Secara simbolis matematis, PDIP kehilangan banyak angka, yang secara simbolis pula membuatnya menjadi partai biasa, layaknya partai lainnya, di tahun kesepuluh Presiden Jokowi berkuasa.
Jadi kesempurnaan status partai pemenang pemilu memang berada pada Jokowi, yang selama ini secara simbolik mengesankan bahwa PDIP dan Jokowi menguasai lapangan elektoral lebih dari 50 persen.
Sekalipun ada suara partai koalisi di sana, tapi "kesan"-nya kemenangan itu adalah milik PDIP dan mahkotanya ada di kepala Banteng, bukan di kepala partai politik lain.
Lantas ketika mahkota tersebut direnggut oleh Jokowi dan dibagi-bagi kepada beberapa partai koalisi yang menjadi rival politik PDIP, maka otomatis PDIP menjadi partai pemenang yang tak bermahkota dan boleh jadi juga tak bertenaga sekuat dahulu.
Mengapa? Karena mahkota adalah simbol kekuasaan. Ketika mahkota PDIP direnggut oleh Jokowi, maka sebagian tenaga dan kuasa PDIP secara elektoral ikut terbawa bersamanya.
Dan di dalam acara perayaan ulang tahun PDIP ke 51 bisa dilihat dengan sangat jelas bahwa mahkota itu sudah tak bersama PDIP lagi.
PDIP boleh saja berdalih bahwa PDIP sengaja tak mengundang Jokowi karena menghormati jadwal kenegaraan sang presiden.
Namun publik dengan mudah bisa melihat dan menilai bahwa relasi antara PDIP dan Jokowi sudah tak seperti dulu lagi.

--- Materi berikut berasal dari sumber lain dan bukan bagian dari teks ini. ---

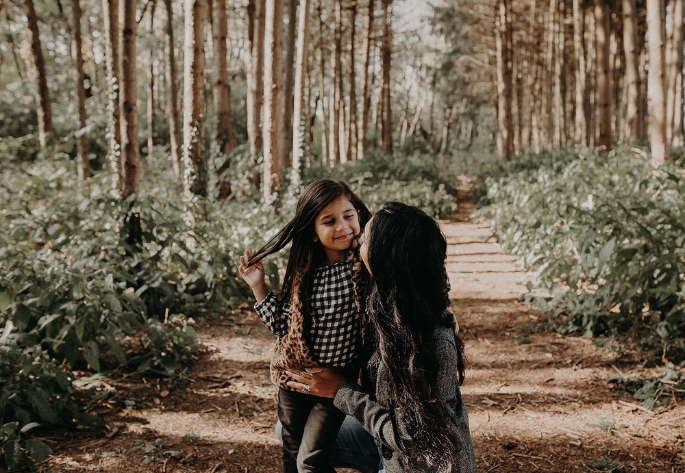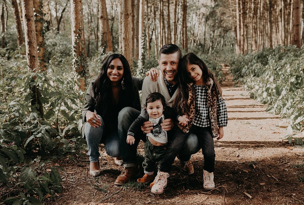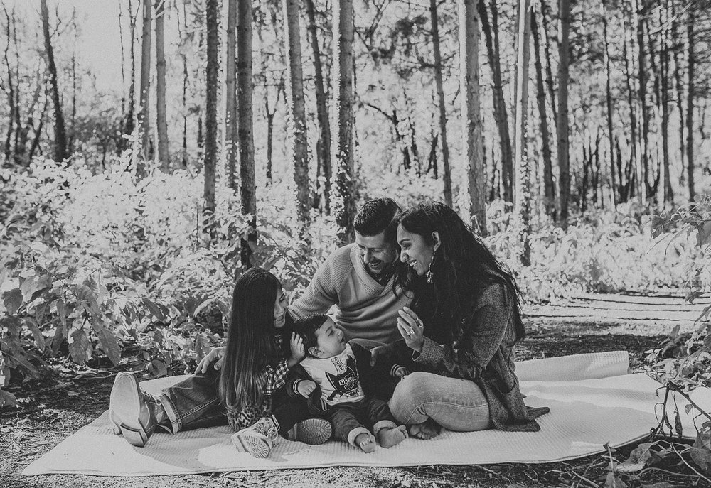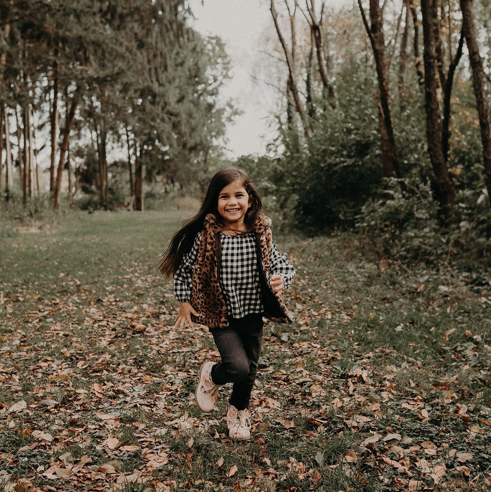 Thankfully the day of their session ended up being a super warm day after a whole streak of cold and miserable weather. We had so much fun with the kids, getting them to laugh and giggle. We explored the wooded area counting berries, finding caterpillars, and having daddy-daughter races. It was perfect. A perfect day. A perfect session. The perfect family.
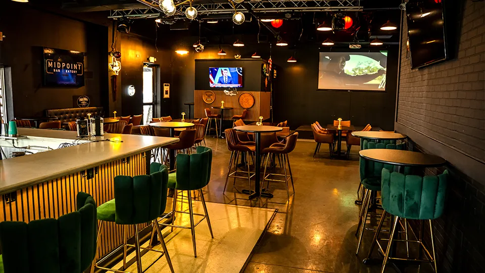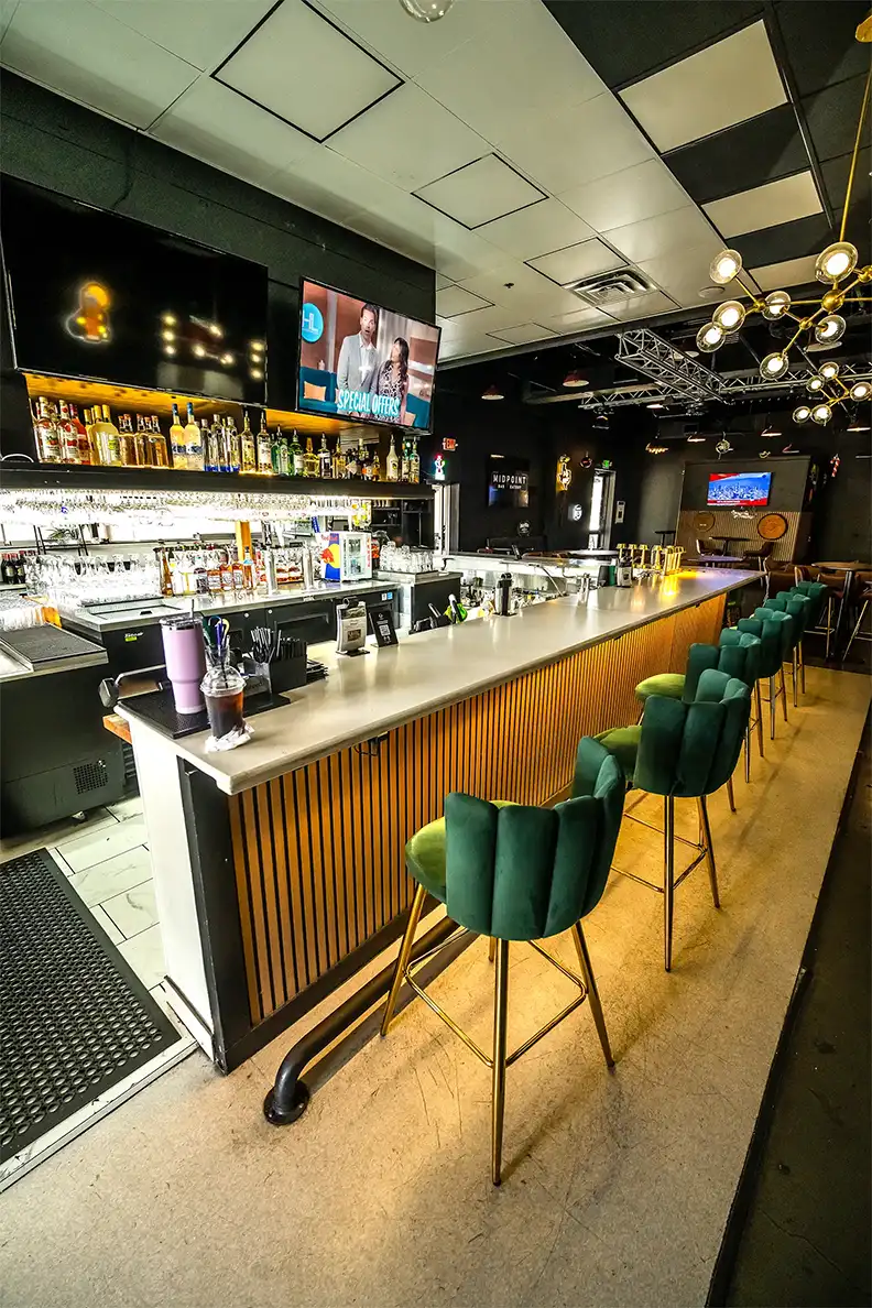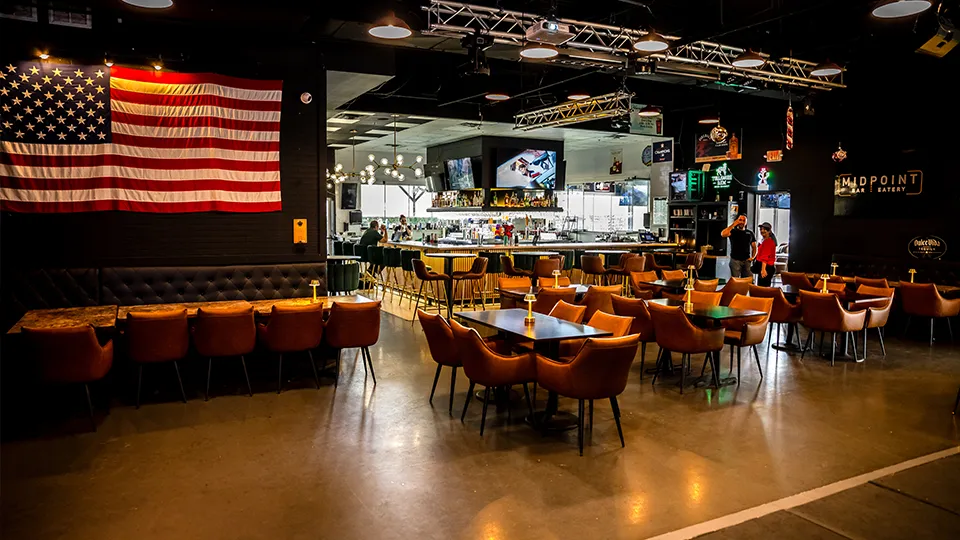 (832) 437-8001The Bar and Restaurant is the heart of Midpoint, where great food, crafted drinks, and live entertainment come together. Designed to offer a classic bar and dining experience, this space features both a vibrant bar and a comfortable table setting for guests who enjoy a more traditional night out.
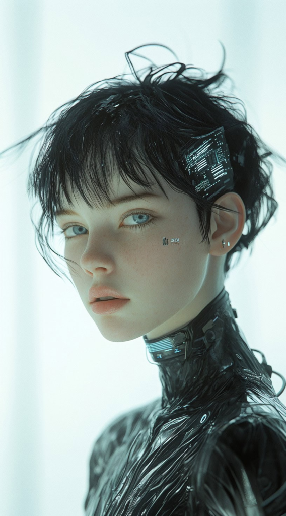 Short-haired women often feel limited with Halloween styling this look completely flips that idea. A tousled pixie with wispy bangs reads instantly as futuristic and rebellious, especially when paired with chrome or metallic accessories. Studies show textured short cuts have seen a 34% increase in search interest around October, making this a genuinely trending style.

Dengan kata lain, rivalitas Jokowi dan PDIP memang sudah tidak bisa disembunyikan lagi.
Meskipun tidak pernah mendapatkan surat pemecatan, yang berarti bahwa Jokowi sesungguhnya masih kader PDIP, rivalitas sudah berlangsung sejak beberapa bulan lalu, tepatnya sejak Gibran Rakabuming Raka, diumumkan sebagai calon wakil presiden Prabowo Subianto.
Dengan konstelasi yang demikian, sangat wajar kiranya isi pidato Megawati tidak lagi berupa glorifikasi status PDIP sebagai partai pemenang, tapi lebih kepada penegasan posisi politik PDIP sebagai partai yang berada pada "track" yang benar, tapi justru telah dizalimi dan direnggut mahkotanya oleh kadernya sendiri, yaitu Joko Widodo.
Memang dalam pidatonya Megawati tidak merujuk langsung ke nama Jokowi. Tapi publik bisa menilai dengan mudah bahwa gelora keresahan dan kekecewaan yang muncul dari pidato Megawati Soekarnoputri, baik atas kondisi partainya maupun atas prospek demokrasi Indonesia ke depan, terkait langsung dengan sepak terjang Jokowi dalam beberapa bulan terakhir.
Jadi perayaan ulang tahun PDIP kali ini menjadi perayaan penegasan bahwa memang secara simbolik PDIP tidak lagi bermahkota dan tak lagi bersama Jokowi. Namun yang jelas, PDIP masih bersama rakyat, sang pemegang hak suara yang sesungguhnya.
Secara ideasional, tentu narasi yang diambil PDIP dan Megawati sudah sangat tepat. Tidak ada demokrasi dan partai politik tanpa rakyat. Dan tak ada kekuasaan yang abadi tanpa dukungan rakyat.